* **Task prompt**: Leaving the pictures aside, transcribe the data below exactly.

Dataset items:
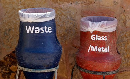 Colorful amphora shaped recycling bins against stone wall in Egypt
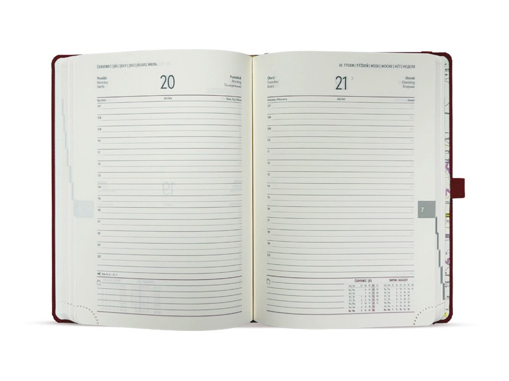 Denný diár je ideálnym pomocníkom pre tých, ktorí potrebujú detailné plánovanie. Každý deň má svoju vlastnú stránku, ktorá ponúka dostatok priestoru na zapisovanie denných úloh, stretnutí a poznámok. Prehľadný časový rozpis umožňuje jednoduchú organizáciu vášho času od rána až do večera. Diár je doplnený o praktické detaily, ako sú sviatky, priestor na dodatkové poznámky či kalendár. Elegantný dizajn a kvalitné prevedenie ho robia vhodným nielen na osobné, ale aj pracovné využitie.
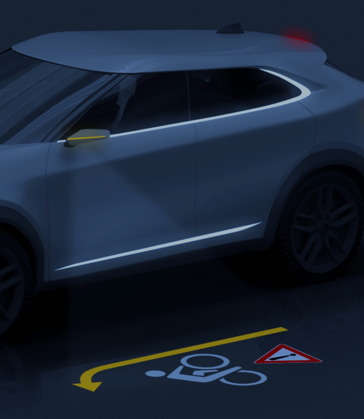 Marelli’s Near-Field Ground Projection technology is a revolutionary advancement in vehicle safety and smart interaction. This system projects dynamic, color-coded symbols onto the ground around the vehicle, providing a 360-degree lighting effect that significantly enhances safety. The projections include real-time alerts such as vehicle turning, reversing, or emergency braking, improving awareness for pedestrians and surrounding vehicles.
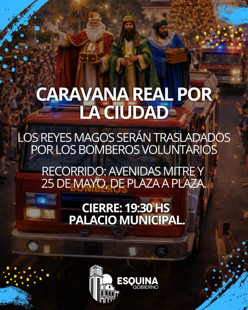 - Municipalidad de Esquina Llegan los Reyes Magos a Esquina 4 enero, 20269 enero, 2026 Municipalidad de Esquina Melchor, Gaspar y Baltazar llegan a nuestra ciudad para compartir una jornada llena de ilusión, alegría y encuentro. Mirá las actividades programadas y vení a disfrutar con nosotros de una noche especial junto a las familias y los más chicos.
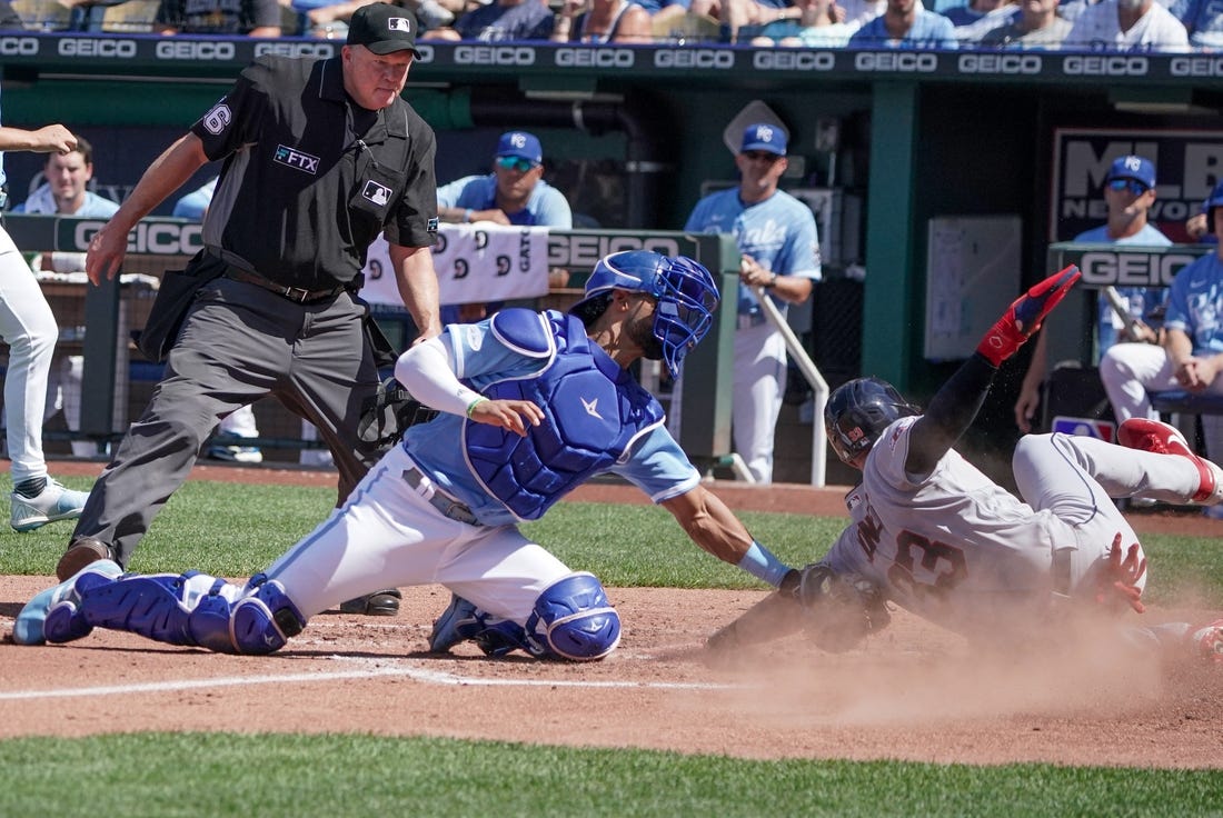 Losing pitcher Jonathan Heasley (1-5) allowed six runs (five earned) on six hits in 1 1/3 innings. Outfielder Michael A. Taylor pitched the last two innings for KC.

* **Exercise output**:
 Colorful amphora shaped recycling bins against stone wall in Egypt
 Denný diár je ideálnym pomocníkom pre tých, ktorí potrebujú detailné plánovanie. Každý deň má svoju vlastnú stránku, ktorá ponúka dostatok priestoru na zapisovanie denných úloh, stretnutí a poznámok. Prehľadný časový rozpis umožňuje jednoduchú organizáciu vášho času od rána až do večera. Diár je doplnený o praktické detaily, ako sú sviatky, priestor na dodatkové poznámky či kalendár. Elegantný dizajn a kvalitné prevedenie ho robia vhodným nielen na osobné, ale aj pracovné využitie.
 Marelli’s Near-Field Ground Projection technology is a revolutionary advancement in vehicle safety and smart interaction. This system projects dynamic, color-coded symbols onto the ground around the vehicle, providing a 360-degree lighting effect that significantly enhances safety. The projections include real-time alerts such as vehicle turning, reversing, or emergency braking, improving awareness for pedestrians and surrounding vehicles.
 - Municipalidad de Esquina Llegan los Reyes Magos a Esquina 4 enero, 20269 enero, 2026 Municipalidad de Esquina Melchor, Gaspar y Baltazar llegan a nuestra ciudad para compartir una jornada llena de ilusión, alegría y encuentro. Mirá las actividades programadas y vení a disfrutar con nosotros de una noche especial junto a las familias y los más chicos.
 Losing pitcher Jonathan Heasley (1-5) allowed six runs (five earned) on six hits in 1 1/3 innings. Outfielder Michael A. Taylor pitched the last two innings for KC.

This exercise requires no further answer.